As sequencing-based technologies only become more ubiquitous, algorithms such as the one presented in this work will find further utility in identifying and characterizing relevant biological signal, yielding new understandings of complex genomic concepts hidden within this vast amount of data.

Methods

Data curation

TCR sequencing files were collected as raw tsv/csv formatted files (Supplementary Fig. 1) from the various sources cited within the manuscript. Sequencing files were parsed to take the amino acid sequence of the CDR3 after removing unproductive sequences. Clones with different nucleotide sequences but the same amino acid sequence were aggregated together under one amino acid sequence and their reads were summed to determine their relative abundance. Within the parsing code, we additionally specified to ignore sequences that used non-IUPAC letters (*,X,O) and removed sequences that were greater than 40 amino acids in length. For the purpose of the algorithm, the maximum length can be altered but we chose 40 as we did not expect any real sequences to be longer than this length.

Data transformations

In order to allow a neural network to train from sequence data, we converted the amino acids to numbers between 0 and 19 representing the 20 possible amino acids. These were then one-hot encoded as to provide a categorical and discrete representation of the amino acids in numerical space. This process was applied prior to all networks being trained. For analyses where V/D/J gene usage, these genes were represented as categorical variables and one-hot encoded as inputs for the neural network.

TCR featurization block

The core of all deep learning architectures is the TCR Featurization Block which takes the various sequence data for a given TCR and transforms it to a latent joint representation of all its inputs. For the α/β CDR3 sequences, we take variable length right-padded sequence data which has been encoded in one-hot representation and first apply an embedding layer which transforms this one-hot representation to a trainable continuous representation of dimensionality 64. This embedding layer learns features of each amino acid allowing the network to learn amino acids which may play similar roles in antigen-binding in the context of the TCR. Following this transformation, three convolutional layers are applied to the continuous representation of the CDR3 sequences.

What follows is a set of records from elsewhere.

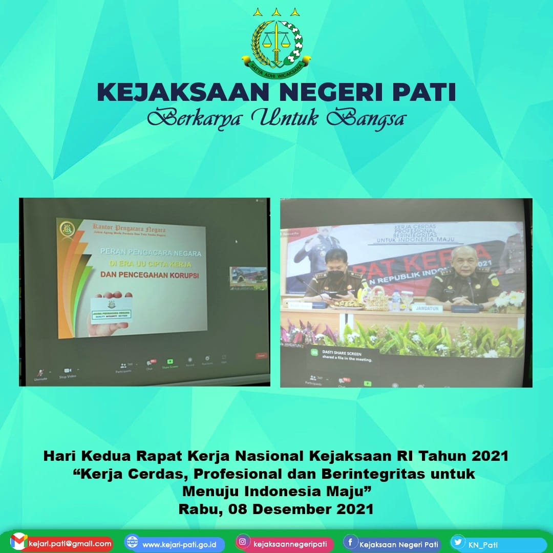 PPATI – Pada hari Rabu, 8 Oktober 2021 Kepala Kejaksaan Negeri Pati (Bapak Mahmudi, S.H., M.H.) bersama Kepala Seksi Intelijen (Bapak Teguh Dwicahyono, S.H., M.H.), Kepala Seksi Tindak Pidana Umum (Bapak Aji Susanto, S.H., M.H.), Kepala Sub Bagian Pembinaan (Bapak Arie Purnomo, S.H., M.H.), Kepala Seksi Tindak Pidana Khusus (Bapak Herry Setiawan, S.H., M.H.), Kepala Seksi Perdata dan Tata Usaha Negara (Bapak Andri Winanto, S.H., M.H.), dan Kepala Seksi Pengelolaan Barang Bukti dan Barang Rampasan (Bapak Agus Sudarmanto, S.H., M.H.) mengikuti Rapat Kerja Nasional (Rakernas) Kejaksaan RI Tahun 2021. Salah satu pembahasan dalam Rapat Kerja Nasional (Rakernas) yaitu Peran Pengacara Negara di Era UU Cipta dan Pencegahan Korupsi. Rapat Kerja Nasional (Rakernas) Kejaksaan RI Tahun 2021 dilaksanakan melalui video conference.
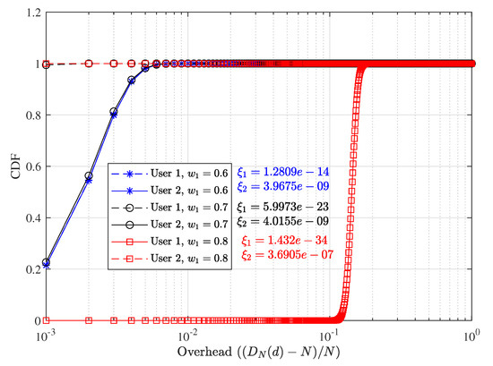 In practical systems, users adopt the transmission rate according to their respective channel quality to increase reliability. Each user can transmit at a different rate according to their respective quality of service by changing k. We set and by fixing the blocklength n and varying and for user 1 and user 2, respectively. We assume to allow user 1 with higher decoding reliability than user 2.
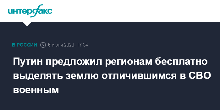 Москва. 6 июня. INTERFAX.RU - Президент РФ Владимир Путин рекомендовал региональным властям за исключением Москвы, Санкт-Петербурга и Севастополя определить условия бесплатного выделения земельных участков в собственность военнослужащим, участникам добровольческих формирований и сотрудникам Росгвардии, которые удостоены звания Героя России или орденами за участие в специальной военной операции, а также являются ветеранами боевых действий.
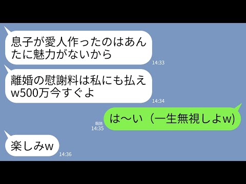 ラインで【LINE】愛人が3人もいた夫と離婚すると元義母から慰謝料要求が…元義母「私にも慰謝料500万ねw迷惑かけたし当然」→私「わかりました!」→そのまま永久に無視した結果www出てくると思わなかったわ
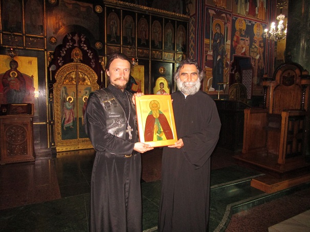 Мотопаломники посетили столицу Сербии – Белград, доставив икону Преподобного Сергия Радонежского, которую передала братия Троице-Сергиевой Лавры. Образ с благодарностью принял ключарь собора святого Саввы отец протоиерей Радивой Панич. Протоиерей показал реликвии собора – русские иконы преподобного Серафима Саровского – дар Святейшего Патриарха Алексия II и образ Казанской Богородицы – дар Троице-Сергиевой Лавры, переданный Белграду в 1999 году в трагические дни бомбардировки города. В подарок Троице-Сергиевой Лавре ключарь собора святого Саввы передал образ святителя Саввы Сербского в драгоценной ризе. Участники акции также посетили в Белграде устанавливаемый Российским военно-историческим обществом памятник Николаю II, открытие которого планируется в ноябре этого года с участием Святейшего Патриарха Московского и всея Руси Кирилла.

The kernel, stride sizes, and number of feature maps were (kernel: 5, stride: 1, feature maps: 32), (kernel: 3, stride: 3, feature maps: 64), (kernel: 3, stride: 3, feature maps: 128) respectively for the three layers. If the convolutional stack is being used within the VAE, the output of the final convolutional layer is flattened. If the convolutional stack is being used within either the supervised sequence classifier or repertoire classifier, the global max pooling operation is applied across the length of the sequence to provide the ability for the network to learn length-invariant motifs.

If V/D/J gene information is provided as an input to the network, this data are represented first as categorical variable with a one-hot encoding to the network. Once again, we apply a trainable embedding layer which transforms this one-hot representation to a continuous representation of dimensionality 48. This transformation produces the featurization of the V/D/J genes.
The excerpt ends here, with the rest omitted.